Scenically the Marquesas are incomparably more beautiful than any of the other island groups of the Pacific, Hawaii not excepted. It is usual to hear the traveller who has covered Polynesia by the steamer route speak in similar terms of the Society Islands—especially Moorea and Tahiti—Samoa and Fiji, whichever may have chanced to tickle his fancy, quite losing sight of the fact that the route of his boat has been laid out along the lines of commerce irrespective of scenery. Not one steamer—save an occasional gunboat—goes to the Marquesas in a decade, the mail of the islands being carried to and from Tahiti every three or four months in a trading schooner. In the last twenty years scarce that number of strangers have visited the group, and a dozen or more of these came on the only three yachts that have ever found their way there. How little, therefore, the average South Sea tourist really knows of these islands may readily be seen.

The rock walls and cliffs of Moorea would be lost in the shadows of the great 4,000-foot spires that tower above the bay of Hatiheu; the 600-foot fall of Faatua, in Tahiti, might be shut from sight in the spray of the 2,000-foot fall of the Typee in Nukahiva; and the great cliff of Bora-Bora, the creeper-tapestried walls of the bay of Pago-Pago and the great gorge of the upper Rewa, in Fiji, could be hidden away in corners of the stupendous Atouna valley of Hiva-oa so effectually that they would pass unnoticed.

In the matter of riotous tropical growth, the Marquesas, being nearer the Line than any other of the South Sea islands that may lay claim to scenic beauty, have also all the best of the comparison. Nukahiva is an almost impenetrable jungle of lantana, burao, acacia, banana, guava and scores of other trees and bushes, nearly all of them flowering and fruit bearing. Indigenous to the island is the cassi plant, a thick shrub which covers patches of the lower hills in dense masses and which blossoms out in tiny yellow balls of almost solid pollen. The latter has a perfume of most penetrating sweetness, and in flowering time is blown by the Trades many leagues to the leeward of the island. This is the odour which I mentioned that we noted in the air while the yacht was still a hundred miles or more from land. Beating into the incomparable bay of Hatiheu at night with this perfumed breeze sweeping the deck, the wake a comet of golden-green light and the surf bursting in vivid spurts of phosphorescence along the silver-bright band of the beach, is to anticipate the approach to the mystical Islands of the Blest.

At a number of widely-separated points in the South Pacific—notably at Easter Island, Tahiti and Kusaie, of the Caroline group—are to be found great images of stone, the ruins of huge temples and other evidences of the existence of prehistoric races who, at least as builders, were far in advance of the Polynesian of today. French scientists had noted that in the Marquesas some of the abandoned house-foundations or pai-pais, contained far larger blocks of stone than any of those of later construction, but not until very recently was it known that there were works in the group not unworthy of comparison with the stone gods of Easter Island.

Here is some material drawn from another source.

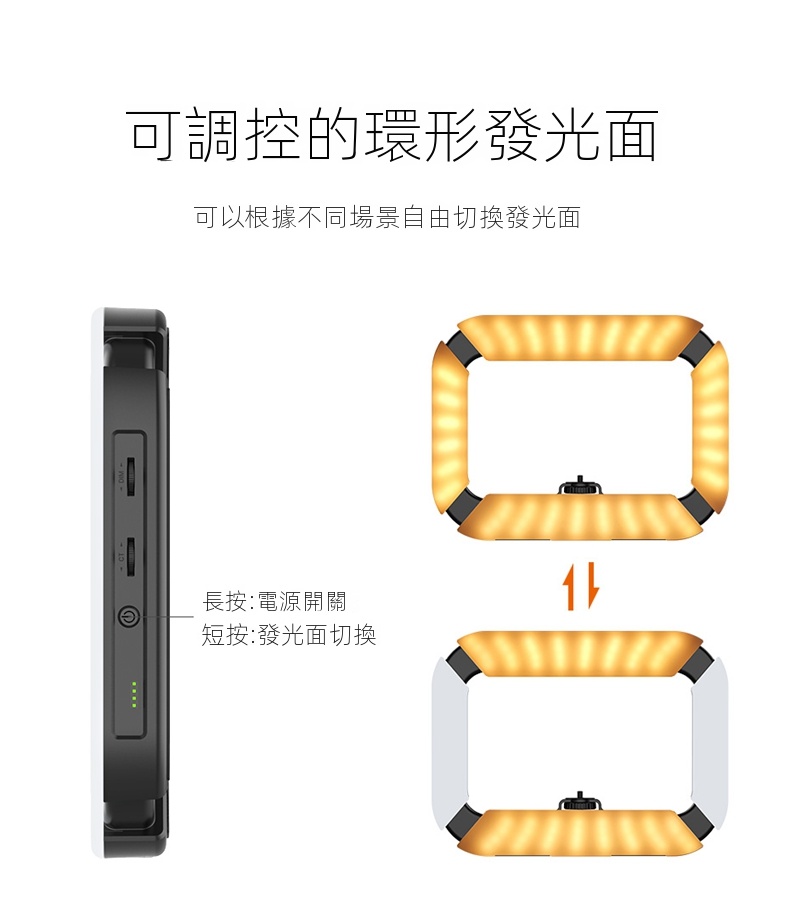 • 可調控的環形發光面,根據不同場景自由切換發光面(長按:電源開關;短按:發光面切換)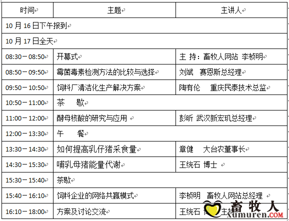 以技術走在前列 以創新再造輝煌 以適應借勢發展 2014年全國飼料企業由9000家降到6000家,近3000家將退出十幾年、幾十年為之奮斗、熱愛的飼料業。 飼料行業處境艱難,農業部提高飼料生產許可條件,企業間整合加快。應對新形勢,全省飼料工業轉型升級,大型企業做強做大,中小企業做特做精,努力打響河南品牌。 此消彼長 落后者消,領先者長 要在競爭中立于不敗之地,必須全面提升自己,打造無法復制的核心競爭力。畜牧業己由規模增長進入價值增長的新常態,這是行業發展過程自然中的必然,價值增長必須從:產品提升、產品安全、養殖者獲利、消費者滿意等諸多方面在產品研發,添加劑優化、組合和應用等全面提升,領跑產生價值。 畜牧人 為畜牧 畜牧人網創立于2003年,一直致力于打造畜牧服務平臺,開辦專家論壇,搭建動物營養平臺,開通技術交流QQ群。本會以"新產品,新技術,新方案"為主題,一線配方師、品控精英的實戰交流;醍醐灌頂的專家觀點聆聽后的茅塞頓開、恍然大悟將給您帶不一樣的感受! 一、組織單位 主 辦:畜牧人網站&畜牧人雜志 協 辦: 內蒙古金河動物藥業有限公司 山東格蘭德生物科技有限公司 賽恩斯(北京)儀器有限公司 武漢新宏璣生物科技有限公司 福建深納生物工程有限公司 二、時間和地點 酒店:信息賓館(河南省鄭州市金水區文化路與儉學街交叉口向西500米路北信息賓館) 時間:2015年10月17日(16日下午14:00報到) 三、參加對象 總經理、技術總監、質管部經理、配方師、技術服務專家等。 附:畜牧人全國巡回研討會(鄭州)站日程表: 四、專家介紹 王統石 獸醫學博士 畜牧人網站創始人。常年奔走于養殖一線, 專注蛋白質營養研究,擅長母仔豬料的配制技術。 自主研發的“乳豬教槽料”已獲國家專利。 電話:13385888882 QQ:42924583 微信號:wangtongshi 章健 廣州大臺農飼料有限公司總經理 曾為多家著名飼料企業高管,對中國養豬行業有深刻的認識。 劉斌 賽恩斯(北京)儀器有限公司總經理 多年從事食品安全檢測工作,與國內80%的乳品企業中心化驗室有過合作,近年來專注霉菌毒素檢測方法的研究,陸續為嘉吉、大北農、澳亞現代牧場等國內大型飼料、養殖企業提供霉菌毒素檢測產品及服務,在霉菌毒素檢測方面積累了豐富的經驗。 陶有倫 重慶民泰香料化工有限責任公司技術總監 專業從事分析化學和微生物研究進30年,主持開發了國內飼料添加劑行業多項優質產品,并在飼料企業清潔化生產領域有特殊貢獻。 彭昕 宏璣酵母集團 農牧事業部總經理 1995年畢業于西南大學榮昌校區(原四川畜牧獸醫學院)畜牧獸醫師范本科。農學學士 2007年中國人民大學MBA三期班畢業 1995年-2000年任職臺灣統一企業四川統一飼料油脂有限公司職位至技術課課長,負責配方設計、技術服務 2001年-2007年 廣東溢多利股份有限公司江西區域經理、湖北區域經理、動保事業部總經理 2006年創立武漢普樂美動物科技有限公司 2011年創立武漢新宏璣生物科技有限公司 2014年— 宏璣酵母集團農牧事業部總經理,武漢新宏璣生物科技有限公司總經理,負責宏璣酵母集團農牧事業全球運營。

Just previous to our visit to Nukahiva, our friend McGrath, the trader of Hatiheu, while following up a wounded boar in the Typee Valley, chanced on an ancient Marquesan "Olympus," containing nine large stone images in a comparatively good state of preservation. Though this most interesting discovery lies within 300 yards of the main trail up the Typee Valley, no native on the island, either by actual knowledge or through tradition, has been able to shed light on its origin, purpose or probable age.

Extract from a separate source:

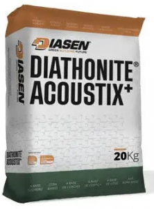 Predmiešaná omietka na realizáciu stien a stropov, ktorá absorbuje hluk. Diathonite Acoustix+ je šetrný k životnému prostrediu, vyrobený z prírodných surovín ako sú korok (0-3 mm/0-0,12 zrnitosti), pemza, kremeliny, hydraulické vápno a prírodné vlákna. Zaisťuje vysokú úroveň akustickej absorpcie s certifikovaným koeficientom redukcie hluku (NRC) 0,75 . /Priemer medzi frekvenciami 250 Hz, 500 Hz, 1 000 Hz a 2 000 Hz, ktorý popisuje schopnosť materiálu pohlcovať zvuk/.Makroporézna štruktúra s vysokým obsahom vzduchu, ktorá zaručuje vynikajúce akustické izolačné vlastnosti. Vďaka správnej zmesi surovín sa dosahuje vysoký tepelnoizolačný výkon - λ = 0,075 W/mK. Vysoká paropriepustnosť je dôkazom pórovitosti, ktorá posilňuje akustický výkon -μ = 4. Vysoká pevnosť v tlaku schopná dodať stene väčšiu konzistenciu a stabilitu - 2,8 N/mm² .Okrem toho je na konci životného cyklu recyklovateľný. Zaradená do triedy A1 podľa UNI EN ISO 13501-1 - TRIEDA A1. Žiadna tvorba plameňa a žiadne emisie dymu.Vďaka lepšej absorbcií zvuku, DiathoniteAcoustix+ eliminuje dozvuky a znižuje odrážané ozveny. Omietka má vysokú priedušnosť, dobrú tepelnú izoláciu, odvlhčovaciu kapacitu a výbornú reakcia na oheň. Pórovitosť, ktorá charakterizuje štruktúru a prítomnosť prírodného hydraulického vápna robí omietku tiež bakteriostatickou a protiplesňovou.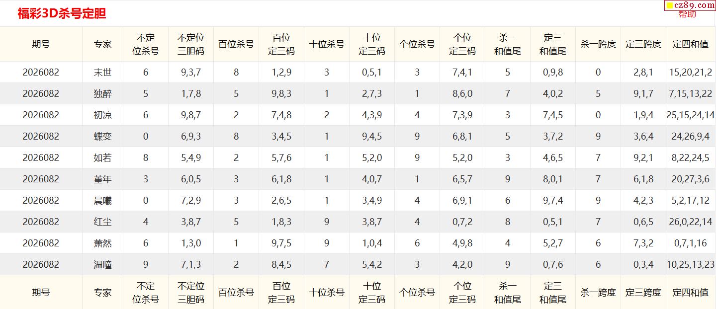 26年082期彩宝贝专家福彩3D杀号定码图表

McGrath conducted our party to his "Goddery," as he facetiously called it, when we were crossing the island to pay a visit to the Queen of Hatiheu, and the several films which I exposed in a driving rainstorm resulted in what are undoubtedly the first photographs of these strange Marquesan images. The ancient shrine—for such it must have been—is situated on a terrace in the steeply-sloping side hill, and though the underbrush thins out somewhat in its immediate vicinity, the overarching bows of maupÉ and hau trees form so dense a screen that the heavens are completely obscured. Though it was full noonday when we visited the place, the light—partly, no doubt, on account of the rain—was as dim as that of an old cathedral, and my films, which were exposed four minutes each, would have turned out much better with ten.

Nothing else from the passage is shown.